Using pre-trained SimplE Wikidata5m model files

DeepGraphLearning / graphvite

GraphVite: A General and High-performance Graph Embedding System

https://graphvite.io

Apache License 2.0

1.21k stars 151 forks source link

Using pre-trained SimplE Wikidata5m model files #74

Closed kyteinsky closed 3 years ago

kyteinsky commented 3 years ago

Hello,

I just saw the docs and github pages but I couldn't find how to get all connected nodes in the knowledge graph for one particular node. I am new to this arena and GraphVite, so can you explain the difference between model and app?

Like this model object

with open("simple_wikidata5m.pkl", "rb") as fin:
    model = pickle.load(fin)

and the app object in the Colab tutorial provided.

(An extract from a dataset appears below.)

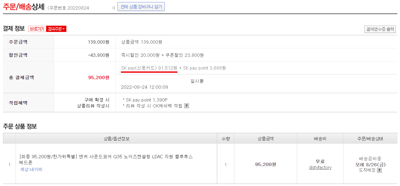 원가 119,000 - 한가위 음향기기 할인쿠폰 23,800 - skpay 포인트 3,688 = 91,512원 결제

And lastly how to get all nodes connected to a particular entity in the graph from the model object.

Thanks!!

KiddoZhu commented 3 years ago

They almost refer to the same thing, except that model is a non-executable dump of the parameters in the application. To turn a model into an application, create an application with the same hyperparameters, and then use app.load_model(model).

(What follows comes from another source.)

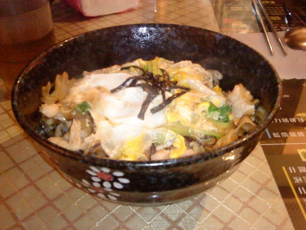 我點的是親子丼(90元),主餐之外,還附上一碗湯,另備有冷飲自取。親子丼醬汁吃來甜甜的,但也和多數丼飯一樣,初嚐時覺得味道很夠,但是吃多了會膩,可能是調味太飽了。反觀我自己做的東西也有個問題,總之擔心味道太飽滿對身體負擔太大,也容易膩,所以下手又太輕,想想要做到能兼具口味和健康的料理真不是件簡單的事。
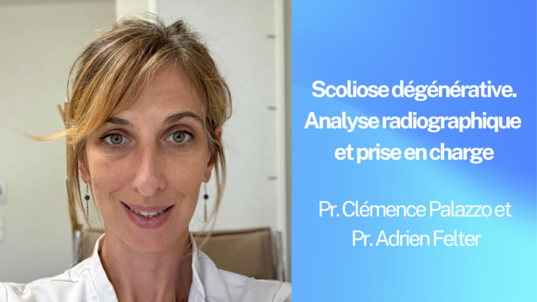 Présentation des Drs Clémence Palazzo et Adrien Felter sur la scoliose dégénérative, centrée sur son analyse radiographique et ...

The model dump only contains the embeddings and doesn't contain the original graph. You can manually parse the file gv.dataset.wikidata5m.train to get entity neighbors. See here for the format of Wikidata5m.

kyteinsky commented 3 years ago

Thanks a lot for the clarification.

The code that I ran just now:

import pickle
import graphvite.application as gap

with open("transe_wikidata5m.pkl", "rb") as fin:
    model = pickle.load(fin)
app = gap.KnowledgeGraphApplication(dim=512)
app.load_model(model)

And here it starts printing tons of IDs (Qxxxxxxxx), is that normal?

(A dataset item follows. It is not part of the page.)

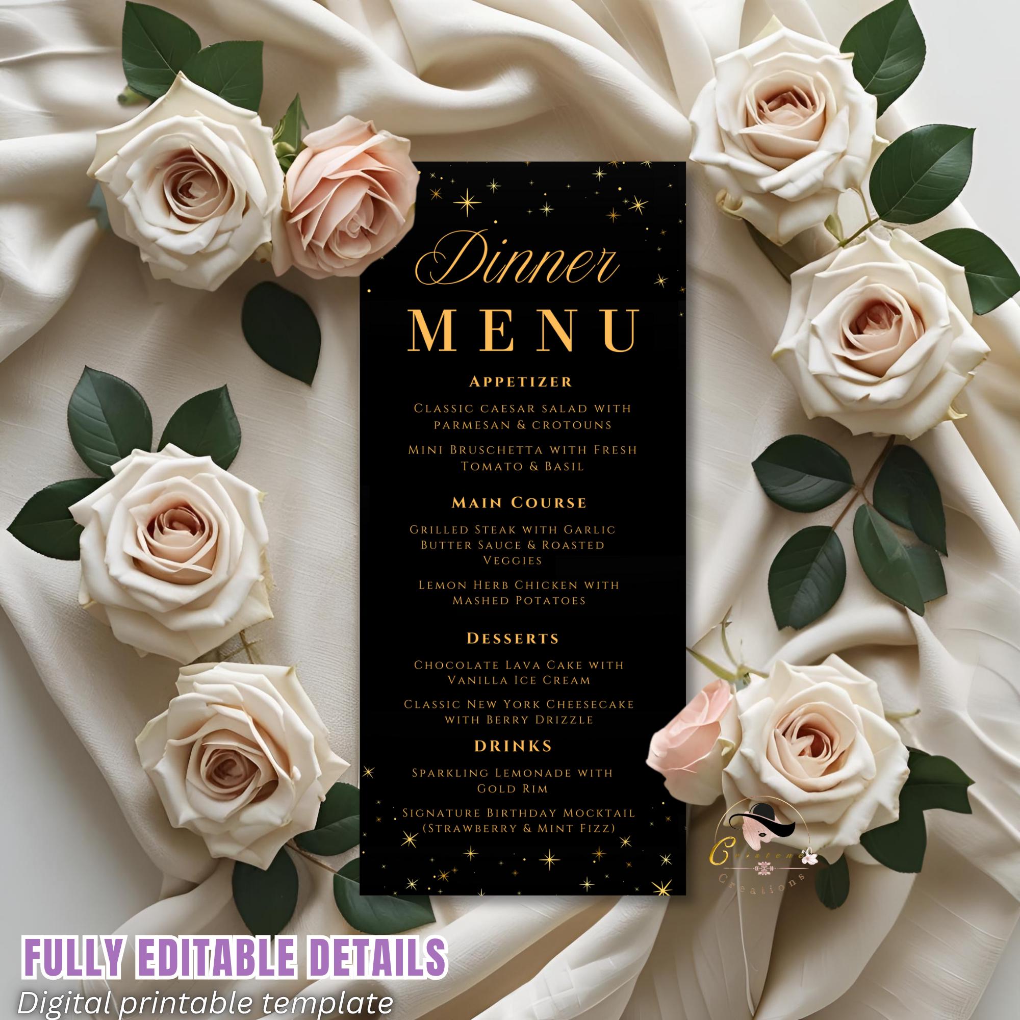 Editable Dinner party Menu template Black gold Menu cards printable...

Does app have that parsing functions for the graph for obtaining entity neighbours?

KiddoZhu commented 3 years ago

No need to load the model back to an application if you don't want to further finetune the model. You can directly access model.solver.entity_embeddings or model.solver.relation_embeddings.

app doesn't have a direct interface to the graph. You need to parse the original training file to manipulate the graph structure.

For example, a minimal parsing code may look like

triplets = []
with open(gv.dataset.wikidata5m.train, "r") as fin:
    for line in fin:
        triplets.append(line.strip().split("\t"))

The entities and relations are encoded in as "Qxxxx" and "Pxxxx" respectively. To access their corresponding embeddings, please use model.graph.entity2id and model.graph.relation2id to convert them to indexes.